- [DIRECTIONS FOR THIS TASK] Drop the pictures and repeat the remaining data exactly.

- [INFORMATION SHOWN]
Segment Open

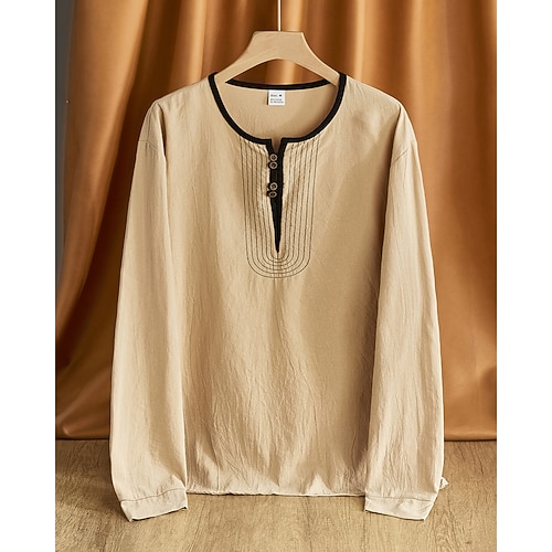 Per uomo Camicia Camicia di lino Camicia casual Camicia con Bottoni Camicia di cotone Semplice Vacanza Camicia hawaiana Nero Bianco Cachi Azzurro Manica Lunga Colletto alla coreana Primavera Autunno
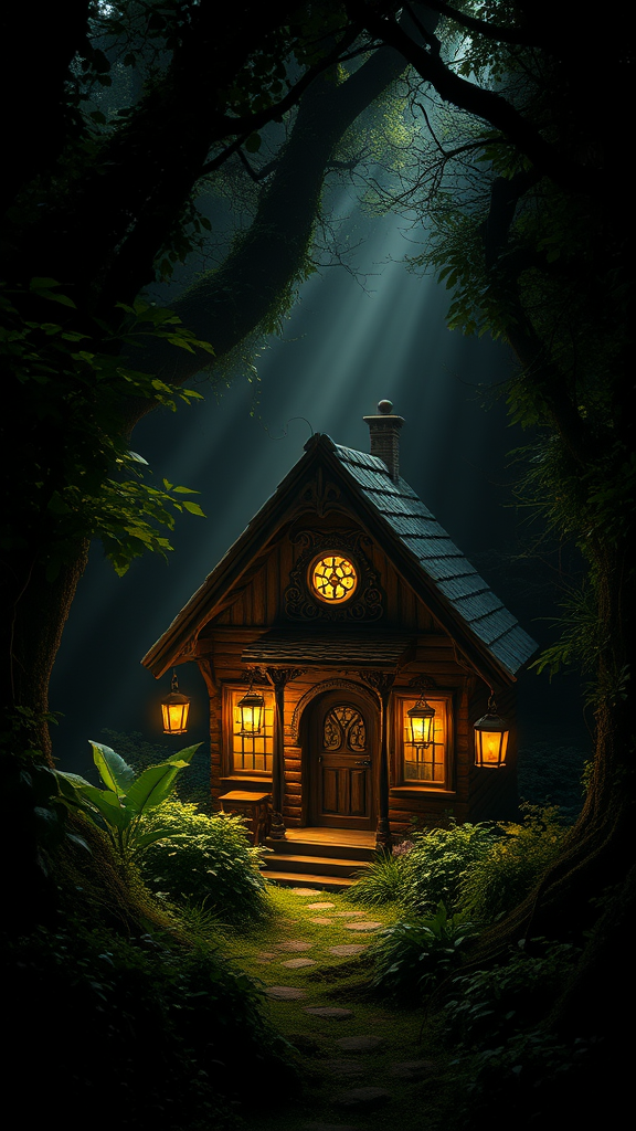 In a fairy tale wonderland, a mystical grove emerges, enveloped in nature's embrace with a small, enchanting wooden house at its heart. The setting is a dark, shadowy forest where the delicate balance of light and shadow creates an aura of mystery and allure. Lush, verdant foliage stretches symmetrically around the house, as if nature itself is cradling this magical abode. The house, with intricate carvings and adorned with ethereal designs, stands beautifully illuminated, casting a gentle glow that cuts through the darkness. Its warm light spills from windows and doorways, enhanced by lanterns that hang like suspended jewels, bathing the surroundings in a soft bloom. Rays of light pierce through the canopy above, creating a dance of illumination and shadow on the forest floor. The ambient occlusion adds depth to every nook and cranny, highlighting the incredible details of this photorealistic haven. Captured with cinematic grandeur, this raw photo portrays a scene of enchanting beauty, where magic weaves through the air and every element harmonizes in a surreal, dreamlike tableau.
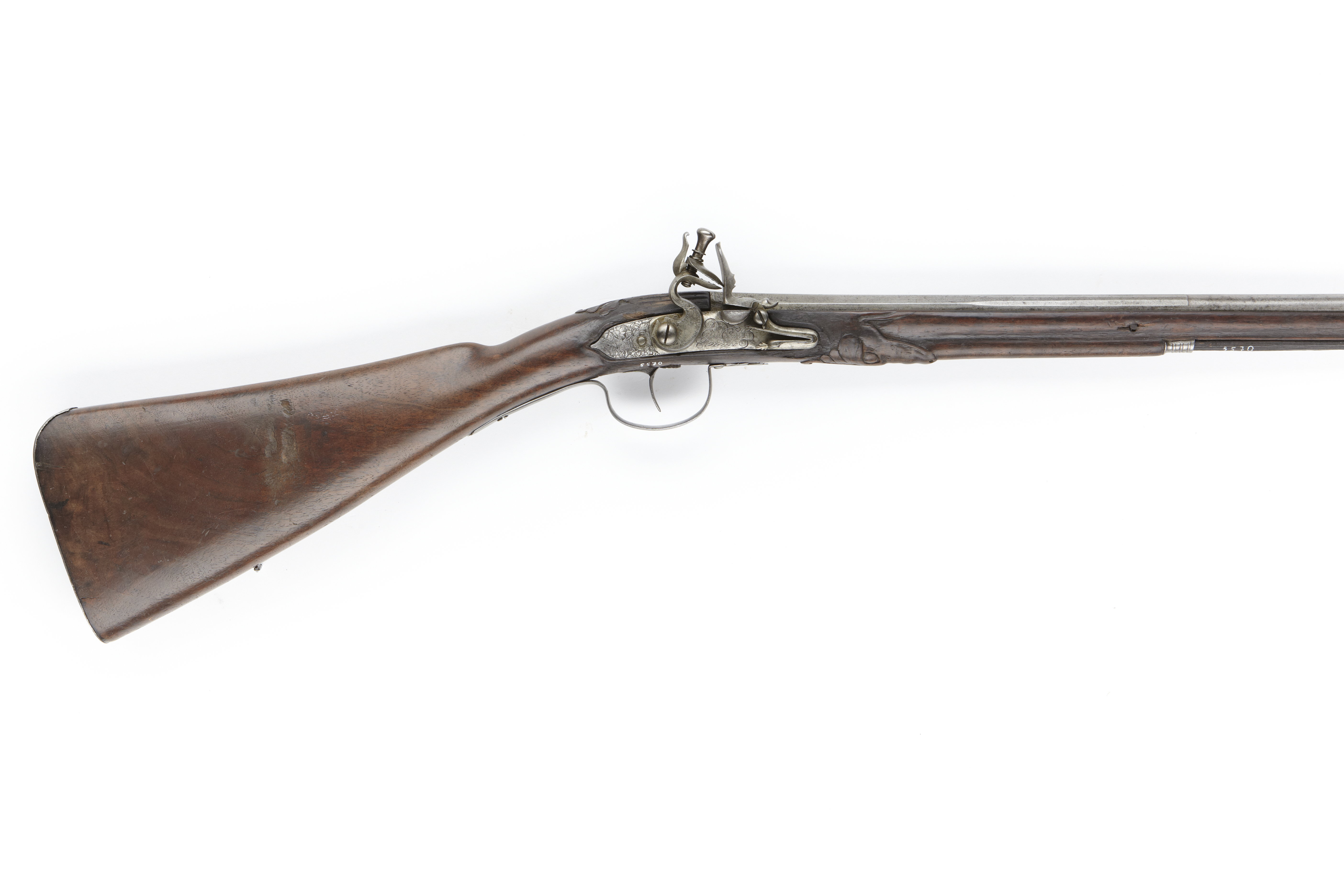 Rund, över kammaren sextonkantig - övergående i Åttkantig, slätborrad pipa. Något utvidgad vid mynningen. Utan sikte, knoppkorn av koppar. Pipans undersida med inslagen halvmåne. Tre piphäften. Flintlås. Kullrigt låsbleck. Låsets mitt signerat "Jan Ceule - Utrecht" Låsbleckets bakre del helt täckt av gravyr. Rundad fängpanna. Utvändig eldstålsfjäder. Nöt utan studel. Hanen ny - 1700-tal. (Platt s-formig med runt kanterna graverat, tunna rocaille - ornament. Bred, hangren. Hanens kropp med hak för varhake.) Hel stock av valnöt. Fransk kolvtyp. Bakplåt av stål, vikt liten bit in över kolvryggen. Bakom svansskruvbladet snidat eklöv, på kolvens undersida - mot framstocken, snidat djurhuvud. Tre piphäften - ej ursprungliga. Näsband av koppar. Två + en profilerad rörka av stål. Fransk varbygel. Tillbehör: Laddstock av svärtat trä, utan doppsko. Ej märkt.

Segment Closed

- [OUTPUT BELOW]
 Per uomo Camicia Camicia di lino Camicia casual Camicia con Bottoni Camicia di cotone Semplice Vacanza Camicia hawaiana Nero Bianco Cachi Azzurro Manica Lunga Colletto alla coreana Primavera Autunno
 In a fairy tale wonderland, a mystical grove emerges, enveloped in nature's embrace with a small, enchanting wooden house at its heart. The setting is a dark, shadowy forest where the delicate balance of light and shadow creates an aura of mystery and allure. Lush, verdant foliage stretches symmetrically around the house, as if nature itself is cradling this magical abode. The house, with intricate carvings and adorned with ethereal designs, stands beautifully illuminated, casting a gentle glow that cuts through the darkness. Its warm light spills from windows and doorways, enhanced by lanterns that hang like suspended jewels, bathing the surroundings in a soft bloom. Rays of light pierce through the canopy above, creating a dance of illumination and shadow on the forest floor. The ambient occlusion adds depth to every nook and cranny, highlighting the incredible details of this photorealistic haven. Captured with cinematic grandeur, this raw photo portrays a scene of enchanting beauty, where magic weaves through the air and every element harmonizes in a surreal, dreamlike tableau.
 Rund, över kammaren sextonkantig - övergående i Åttkantig, slätborrad pipa. Något utvidgad vid mynningen. Utan sikte, knoppkorn av koppar. Pipans undersida med inslagen halvmåne. Tre piphäften. Flintlås. Kullrigt låsbleck. Låsets mitt signerat "Jan Ceule - Utrecht" Låsbleckets bakre del helt täckt av gravyr. Rundad fängpanna. Utvändig eldstålsfjäder. Nöt utan studel. Hanen ny - 1700-tal. (Platt s-formig med runt kanterna graverat, tunna rocaille - ornament. Bred, hangren. Hanens kropp med hak för varhake.) Hel stock av valnöt. Fransk kolvtyp. Bakplåt av stål, vikt liten bit in över kolvryggen. Bakom svansskruvbladet snidat eklöv, på kolvens undersida - mot framstocken, snidat djurhuvud. Tre piphäften - ej ursprungliga. Näsband av koppar. Två + en profilerad rörka av stål. Fransk varbygel. Tillbehör: Laddstock av svärtat trä, utan doppsko. Ej märkt.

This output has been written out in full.